***** RECORDS TO USE *****

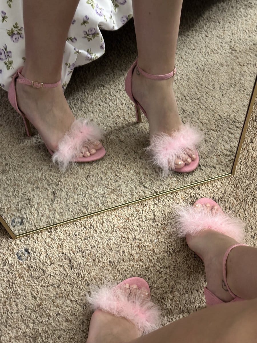 Cute and sassy! My pink heels are one of my faves for girls nights in LA and Vegas.Cute and comfy with a fun little fluffy stuff by the toes
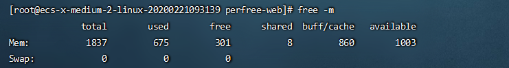 [root@ecs-x-medium-2-linux-20200221093139 perfree-web]# free -m
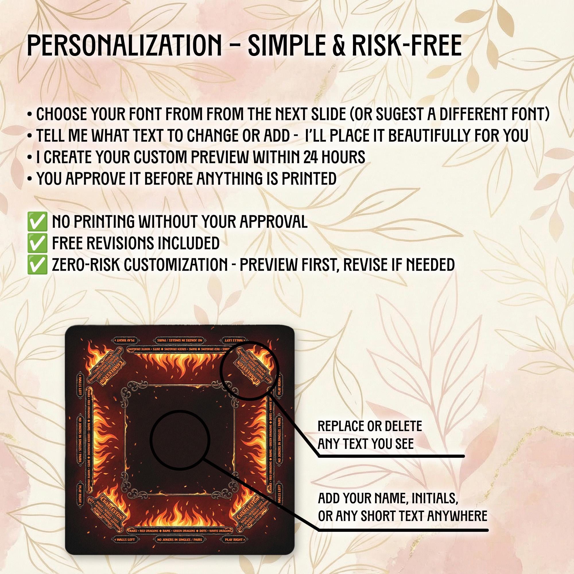 Our shop is dedicated to creating thoughtful, high-quality accessories that enhance your gaming moments. Each personalized Mahjong mat is carefully crafted with attention to detail and shipped promptly to bring joy to your game nights and special occasions.
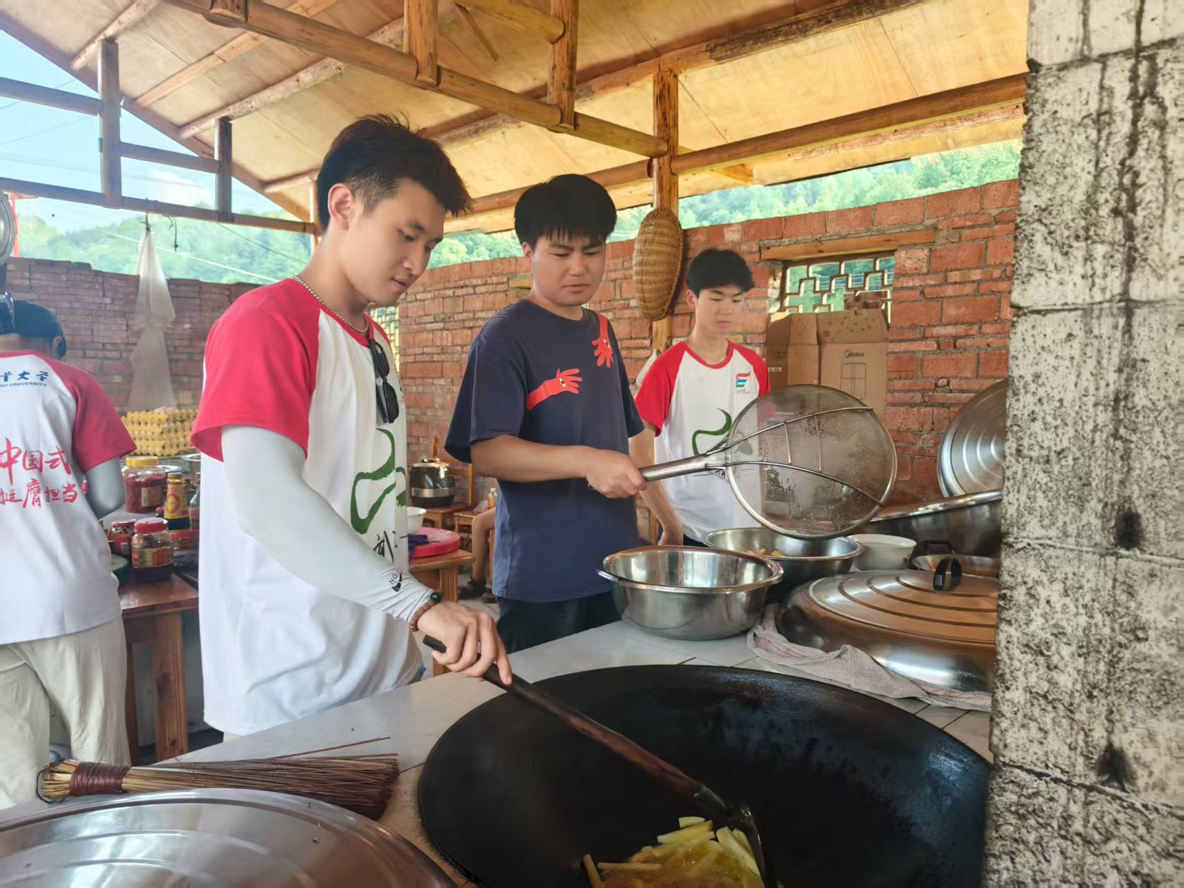 近午时分,灶火熊熊,热浪灼人。同学们挥动着锅铲,翻炒着大锅里的胡萝卜烧肉,豆大汗珠浸透衣衫。
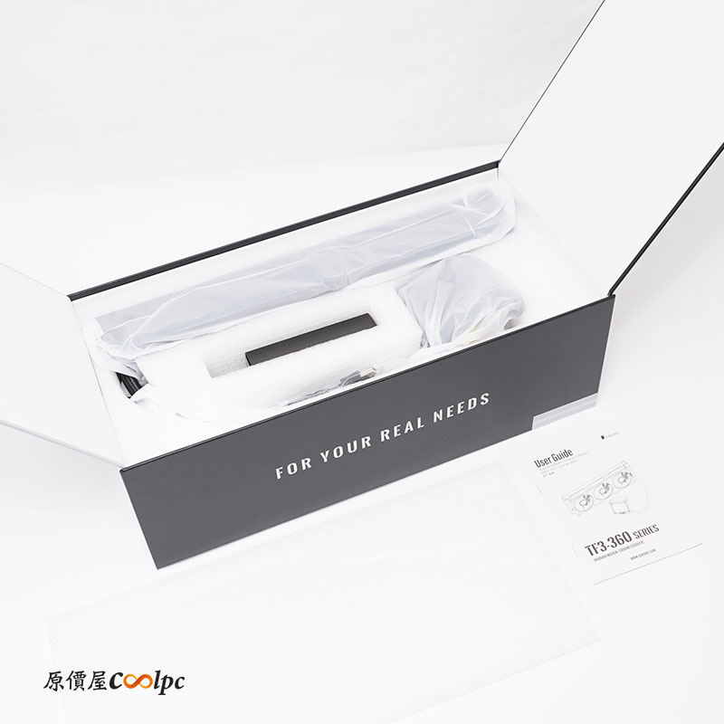 盒子採兩側掀開方式設計,水冷和配件有上方有與下面有發泡海綿保護,減少運送過程損傷。

*****

> [EXERCISE DESCRIPTION]:
Transcribe the records verbatim and omit the images.

> [OUTPUT FOR THIS EXERCISE]:
 Cute and sassy! My pink heels are one of my faves for girls nights in LA and Vegas.Cute and comfy with a fun little fluffy stuff by the toes
 [root@ecs-x-medium-2-linux-20200221093139 perfree-web]# free -m
 Our shop is dedicated to creating thoughtful, high-quality accessories that enhance your gaming moments. Each personalized Mahjong mat is carefully crafted with attention to detail and shipped promptly to bring joy to your game nights and special occasions.
 近午时分,灶火熊熊,热浪灼人。同学们挥动着锅铲,翻炒着大锅里的胡萝卜烧肉,豆大汗珠浸透衣衫。
 盒子採兩側掀開方式設計,水冷和配件有上方有與下面有發泡海綿保護,減少運送過程損傷。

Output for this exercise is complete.